Тихие радости

Один мой друг, замечательный поэт и эссеист, любит путешествовать по России.

Письма его, рассказывающие об этих коротких путешествиях, неизменно вызывают желание бросить все и сломя голову понестись куда-нибудь в Пушкинские Горы, где в местной столовой подают яичницу «Очей очарованье».
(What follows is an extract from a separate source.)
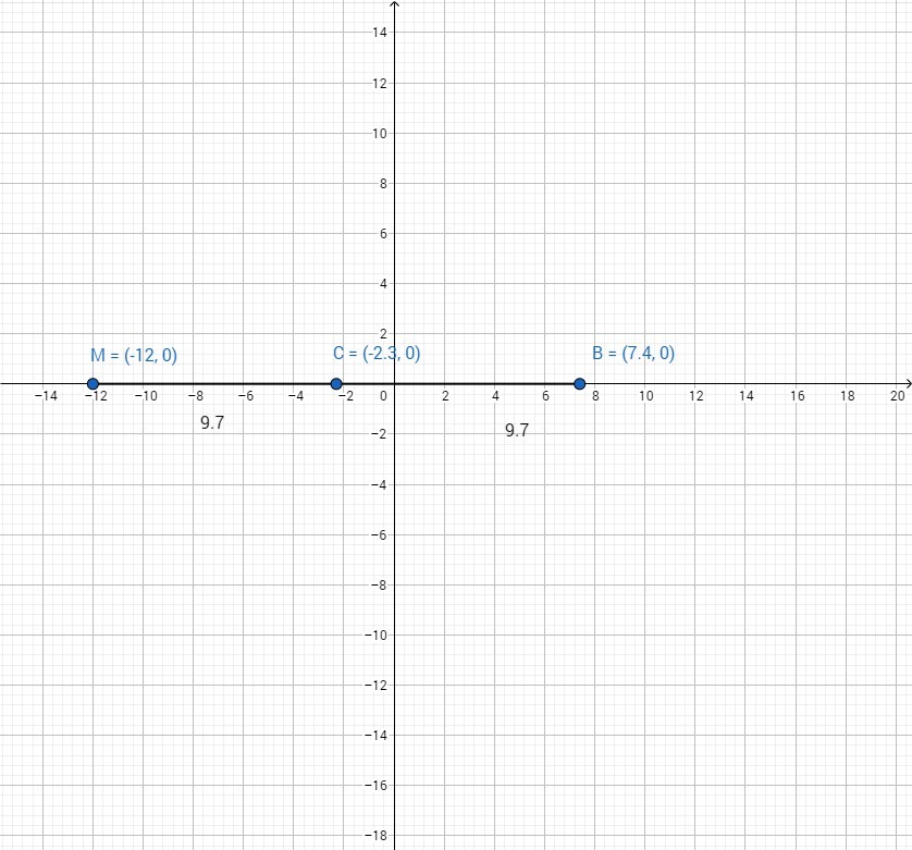 Следовательно координата точки M - слева от C на 9.7

Но вчерашний его краткий рассказ о поездке в город Боровск, весь расписанный картинами художника Овчинникова и стихами Эльвиры Частиковой, был так невыносимо прекрасен, что захотелось увидеть все это собственными глазами. В Боровск меня грехи не пускают, но фотоотчет (других путешественников, которых нельзя не поблагодарить) я сразу же нашел и даже неподалеку отсюда. Впрочем, судите сами. Какой там, на фиг, Страстной монастырь, исписанный цилиндроносными Есениным и Мариенгофом…

А играли-то в ПОДДАВКИ!

Между прочим, 10.05 с. г. с 00:00 ч.:м. (по среднеевропейскому времени) поменялись правила международных чемпионатов и конкурсов: отныне первые два места автоматически вычеркиваются, обладатели их перемещаются на соответственно последнее и предпоследнее места, а победителем соревнований считается индивидуум или коллектив, занявший ТРЕТЬЕ место.

Не знали?
Да, это особо не афишировалось.

Связано же это с тем, что практика показала: первые два места на всех международных и крупных национальных состязаниях любого свойства всегда манипулированы. «Чистым» является только третье место.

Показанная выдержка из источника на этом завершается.